- Radi, Bhutan Location in Bhutan
- Coordinates: 27°22′N 91°41′E﻿ / ﻿27.367°N 91.683°E
- Country: Bhutan
- District: Trashigang District
- Time zone: UTC+6 (BTT)

= Radi, Bhutan =

Radi (or Radhi) is a town in Trashigang District in eastern Bhutan.

The town is located in the northern part of Trashigang. It is popularly known as the rice basket of the east. Following the royal decree, Bhutan became a democracy in 2008. Jigme Tshultrim is the first Member of Parliament from the Radi-Sakteng constituency which comprises four gewogs (blocks) named Radi, Phongmey, Merak and Sakteng. At the national assembly, Jigme Tsheltrim held the post of the speaker from 2008 to 2013.

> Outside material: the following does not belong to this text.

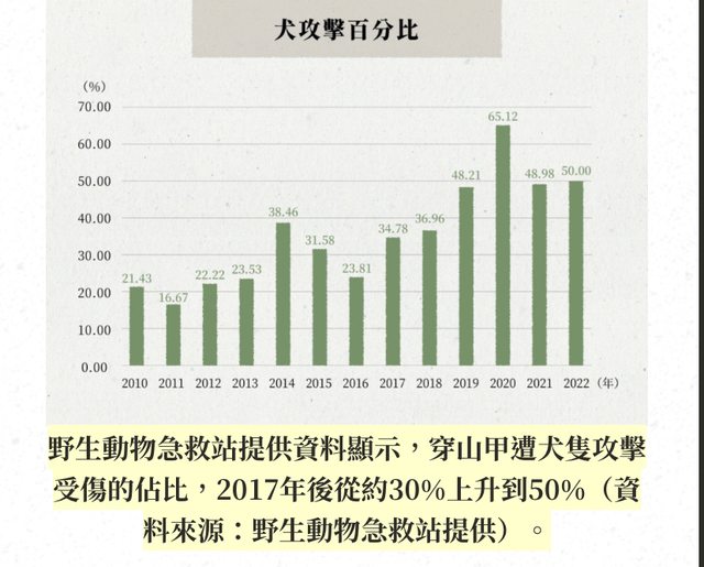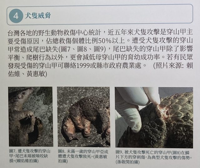 外遊蕩,除了容易生病,也可能攻擊野生動物。調查發現,近幾年救傷的穿山甲中,被浪

Radi has a middle secondary school, a basic health unit, a gup (head of the local government), and an animal husbandry office. The area where the school is located is commonly known as fai singma, which means "a new house". This name was derived from when the school building was new in 1960s. Radhi is also blessed by many stupas and temples. Some of notable temples include Radhi Namdroel Choeling Goenpa, Khardung Yoesel Nunnery and many more.

Today, the gewog is connected by roads to almost all its villages and also to the neighbouring gewogs. The gewog was electrified from the Rangjung mini hydro power plant in 1998.

Rice is the main staple of food in Radi, but maize and other vegetables are also grown. However, paddy cultivation is solely dependent on monsoon rain which usually begins in June.